Thursday, 11 August 2011

TIGER AIRWAYS (DMG)

SELL
Price S$1.04
Previous S$0.62
Target S$0.62

Australian ban lifted; Losses to mount in FY12
Tiger Australia to re-commence from Aug 12. Tiger Airways Australia (TAA) will recommence
operations from 12 Aug, following the lifting of suspension of its Air Operator’s
Certificate (AOC). However CASA has imposed certain conditions on the LCC including an
initial limitation of 18 sectors per day for the month of Aug 2011. As expected, TAA announced it will scale down its network and operations in Australia with the redeployment of two A320s and closure of its Adelaide base. All staff are being offered redeployment to its Melbourne Tullamarine base, and hence, we suspect it could shut down Avalon as well. First route to recommence would be Melbourne-Sydney. We expect a gestation period for demand to pick up following recent negative publicity with Tiger aggressively slashing fares to attract passengers. To add to the challenging operating landscape in Australia, the Government has proposed to charge a carbon price of A$23 per tonne to domestic airlines via an increase in aviation fuel excise to which TAA estimates will be ~A$3 per passenger. The LCC is, however, confident on passing this cost down to the passenger.

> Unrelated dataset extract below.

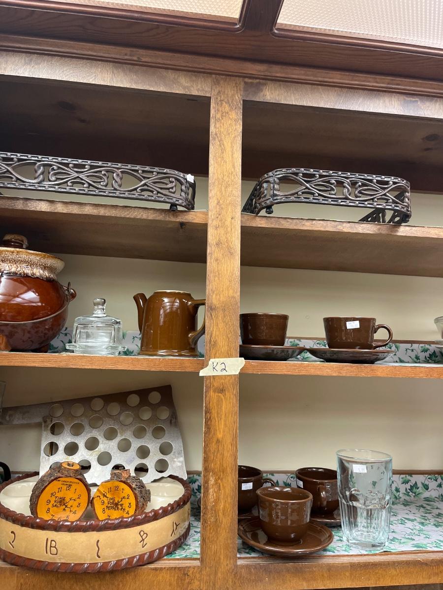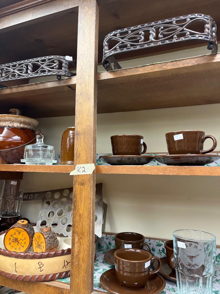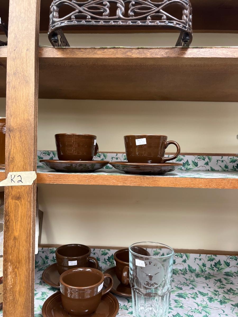 Fiesta Cups and saucers, cowboy serving dish.Bean crock, two casserole holders.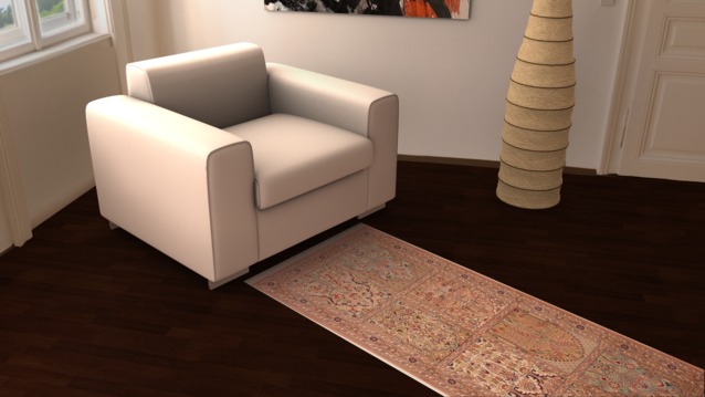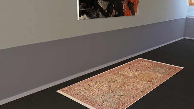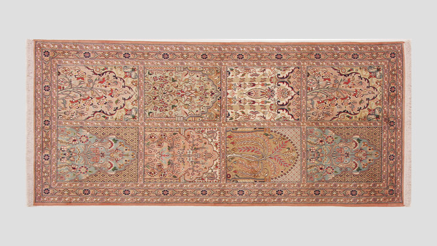 Las alfombras de seda de Cachemira son hechas al 100% de seda natural para el velludillo, y de algodón para la base. La seda provee el brillo, y el algodón satisface la alta exigencia de durabilidad. La densidad de nudos en las piezas que ofrecemos – más de 550 000 nudos/m2 – es notable para una alfombra de seda sobre algodón y corresponde a la categoría de calidad más alta de las alfombras de seda de Cachemira. Los patrones típicamente orientales son diseñados con colores decentes, mayormente colores pastel. Esta alfombra está anudada completamente de seda.

July 2011: Pax down 32% YoY. Tiger reported a 32% YoY fall in passengers carried to 358k
for the month of July 2011 with load factor declining 3ppt to 86%. This is due to the grounding of its Australian fleet for the month.

Revising fleet assumptions and expecting lower yields. We have revised our fleet assumptions from 33/39 to 35/43 for FY12/13 as management conceded they might lease their A320s to external parties but will not delay any deliveries. Consequently our ASKs and RPKs are increased by 5.7%/10.8% for FY12/13 respectively. We maintain our load factor assumption of 81% but lower our yields by 9.9%/0.6% for FY12/13 as we expect Tiger to discount fares aggressively to attract traffic.

Expect to FY12 to end at a loss. 1QFY12 registered a net loss of S$20.6m, which resulted
from higher fuel costs and a two week disruption to its Australian operations as a result of the Chilean volcanic ash cloud. While fuel prices have eased, we expect the five week grounding of Tiger Australia and consequently weak demand and aggressive discounting of fares to lead to deeper losses in 2QFY12. There will also be one-off costs from legal and consulting fees following the court proceedings in Australia. We are also concerned on the Group's net gearing levels which hit 2.76x in 1QFY12 and will hit 4x by end FY12, leading to a potential cash call.

Maintain SELL with lower TP of S$0.62. Tiger is currently trading at 3.3/2.7 FY12/13 P/B vs
its peers at 2x. Based on our revised earnings, we lower our TP to S$0.62 (previously S$0.74), pegged at an unchanged 2x FY12F P/B.